▶ What the task asks: What you return should be the entries, unchanged, without their pictures.

[Collected data entries]
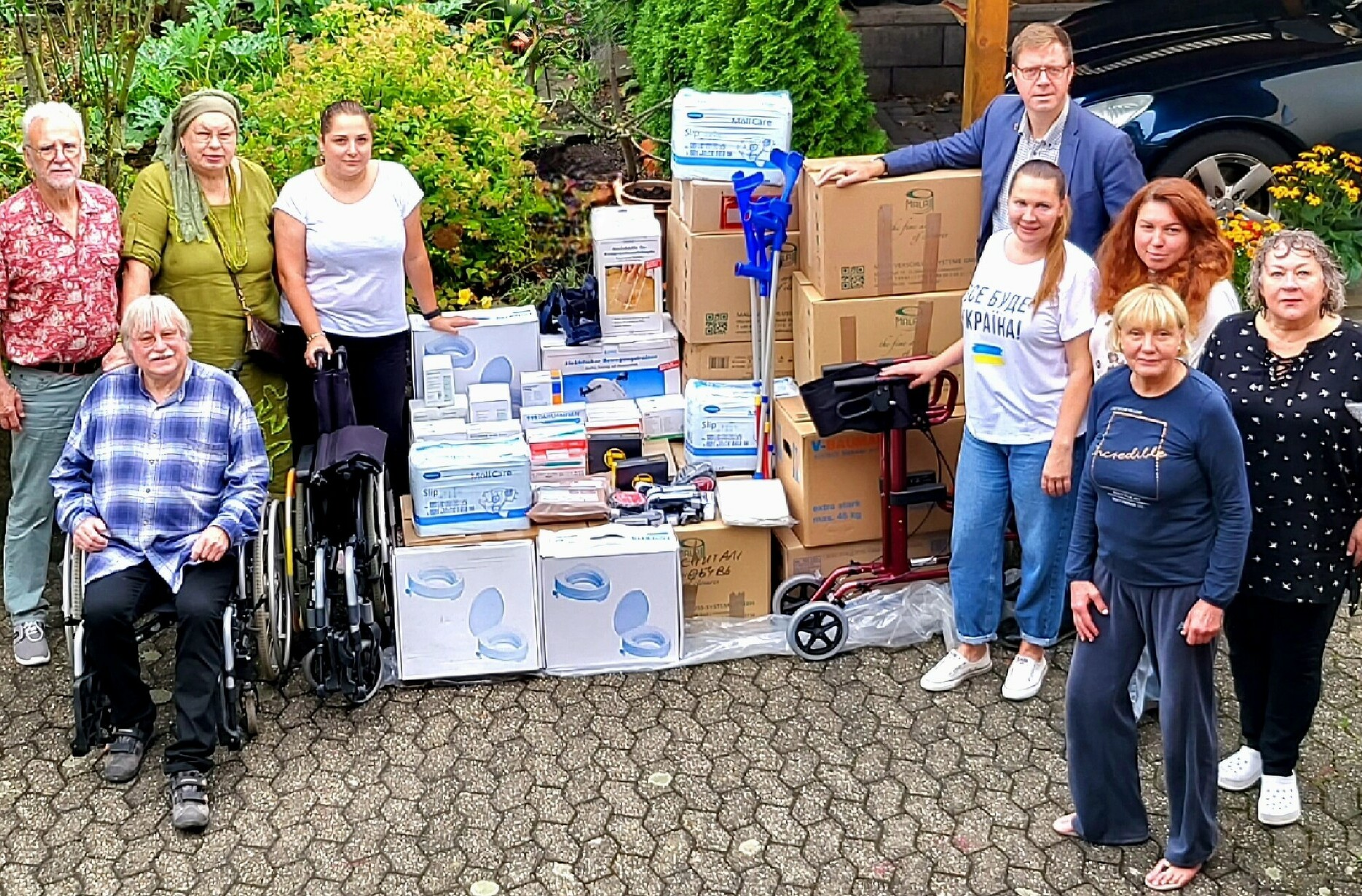 In Verbindung mit den ebenfalls gespendeten - z.T. kurz vor dem Ablauf stehenden - Medikamenten können somit die eingegangenen Spendengelder sehr effizient für die Beschaffung dringend benötigter medizinischer Hilfsmittel eingesetzt werden. Wer medizinische Dinge wie Rollstühle, Krücken, Rollatoren, Prothesen, Hygieneartikel (z.B. Erwachsenenwindeln) oder Verbandskästen abzugeben haben, kann sich an die Ukrainehilfe wenden: ukrainehilfe.tt@gmail.com . Bei Bedarf werden die Sachen auch abgeholt und regelmäßig, etwa wöchentlich, an jeweils unterschiedliche Empfänger in akute Kriegsregionen geliefert.
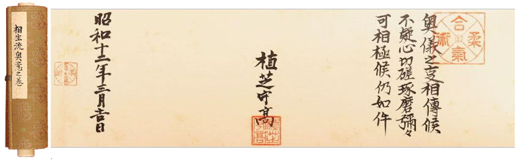 This document is interesting in many ways. First of all, the scroll is dated March 1937, one year after the arrival of Takeda Sokaku, which therefore confirms that Ueshiba Morihei maintained some activity in Osaka while Takeda was present, and which once again seriously undermines the hypothesis of the sudden escape, never to return.
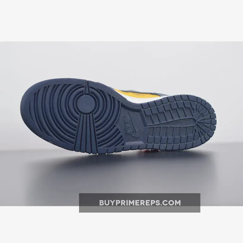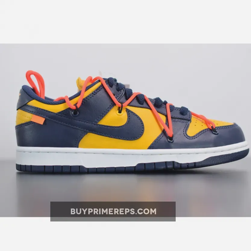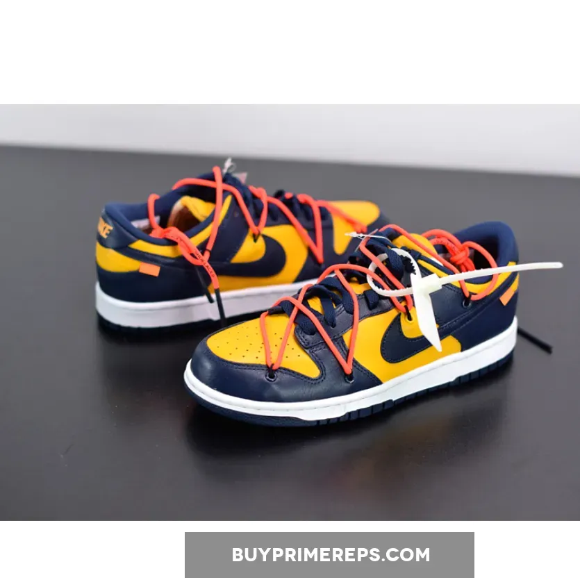 The Off-White x Nike Dunk Low “University Gold” is a highly anticipated collaboration between Virgil Abloh’s fashion label Off-White and sportswear giant Nike. This release is part of a three-piece capsule featuring unique colorways of the iconic Dunk Low silhouette. The “University Gold” edition is a bold and eye-catching sneaker that combines a vibrant yellow leather base with contrasting navy overlays.
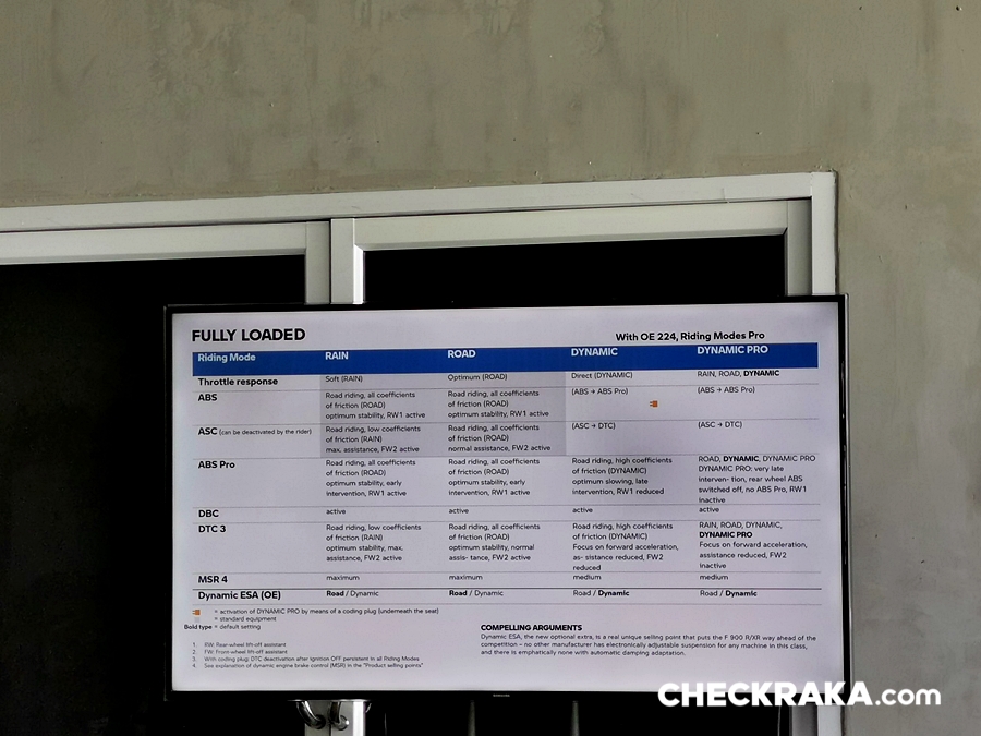 ในการทดสอบในช่วงแรกทีมงานเช็คราคาได้สลับขับขี่ F 900 R ทั้งครบ 3 รุ่นย่อย ซึ่งความจริงเรื่องของสมรรถนะและระบบเทคโนโลยีการขับขี่นั้นแบบเดียวกัน แตกต่างเพียงระบบครุซคอนโทรล และโช๊คอัพไฟฟ้า เป็นต้น
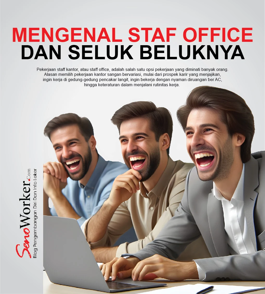 Pekerjaan staff kantor, atau staff office, adalah salah satu opsi pekerjaan yang diminati banyak orang. Alasan memilih pekerjaan kantor sangan bervariasi, mulai dari prospek karir yang menjajikan, ingin kerja di gedung-gedung pencakar langit, ingin bekerja dengan nyaman diruangan ber AC, hingga keteraturan dalam menjalani rutinitas kerja.
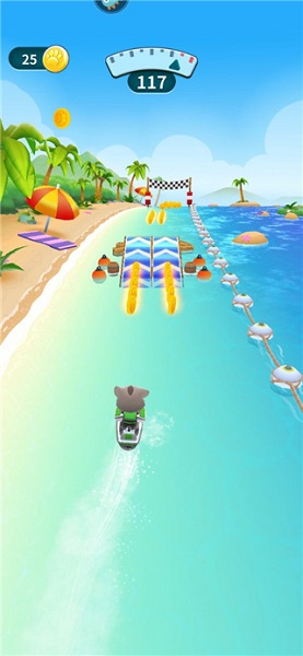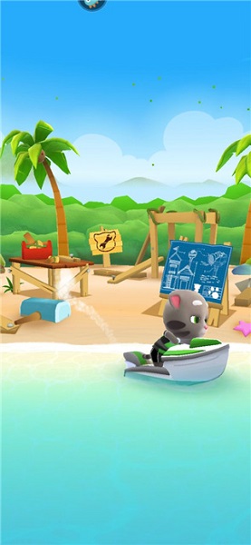 游戏的主赛场分布在五座迷人的热带岛屿上,它们分别是安吉拉的海滨度假村、狗狗本的科学实验室、金杰猫的沙堡、汉克狗的冲浪小屋以及汤姆猫的金银岛。这些岛屿的景致都格外赏心悦目,再搭配上游戏里酷炫的视觉设计,让水上驾乘的体验更加精彩。

▶ Result of the exercise:
 In Verbindung mit den ebenfalls gespendeten - z.T. kurz vor dem Ablauf stehenden - Medikamenten können somit die eingegangenen Spendengelder sehr effizient für die Beschaffung dringend benötigter medizinischer Hilfsmittel eingesetzt werden. Wer medizinische Dinge wie Rollstühle, Krücken, Rollatoren, Prothesen, Hygieneartikel (z.B. Erwachsenenwindeln) oder Verbandskästen abzugeben haben, kann sich an die Ukrainehilfe wenden: ukrainehilfe.tt@gmail.com . Bei Bedarf werden die Sachen auch abgeholt und regelmäßig, etwa wöchentlich, an jeweils unterschiedliche Empfänger in akute Kriegsregionen geliefert.
 This document is interesting in many ways. First of all, the scroll is dated March 1937, one year after the arrival of Takeda Sokaku, which therefore confirms that Ueshiba Morihei maintained some activity in Osaka while Takeda was present, and which once again seriously undermines the hypothesis of the sudden escape, never to return.
 The Off-White x Nike Dunk Low “University Gold” is a highly anticipated collaboration between Virgil Abloh’s fashion label Off-White and sportswear giant Nike. This release is part of a three-piece capsule featuring unique colorways of the iconic Dunk Low silhouette. The “University Gold” edition is a bold and eye-catching sneaker that combines a vibrant yellow leather base with contrasting navy overlays.
 ในการทดสอบในช่วงแรกทีมงานเช็คราคาได้สลับขับขี่ F 900 R ทั้งครบ 3 รุ่นย่อย ซึ่งความจริงเรื่องของสมรรถนะและระบบเทคโนโลยีการขับขี่นั้นแบบเดียวกัน แตกต่างเพียงระบบครุซคอนโทรล และโช๊คอัพไฟฟ้า เป็นต้น
 Pekerjaan staff kantor, atau staff office, adalah salah satu opsi pekerjaan yang diminati banyak orang. Alasan memilih pekerjaan kantor sangan bervariasi, mulai dari prospek karir yang menjajikan, ingin kerja di gedung-gedung pencakar langit, ingin bekerja dengan nyaman diruangan ber AC, hingga keteraturan dalam menjalani rutinitas kerja.
 游戏的主赛场分布在五座迷人的热带岛屿上,它们分别是安吉拉的海滨度假村、狗狗本的科学实验室、金杰猫的沙堡、汉克狗的冲浪小屋以及汤姆猫的金银岛。这些岛屿的景致都格外赏心悦目,再搭配上游戏里酷炫的视觉设计,让水上驾乘的体验更加精彩。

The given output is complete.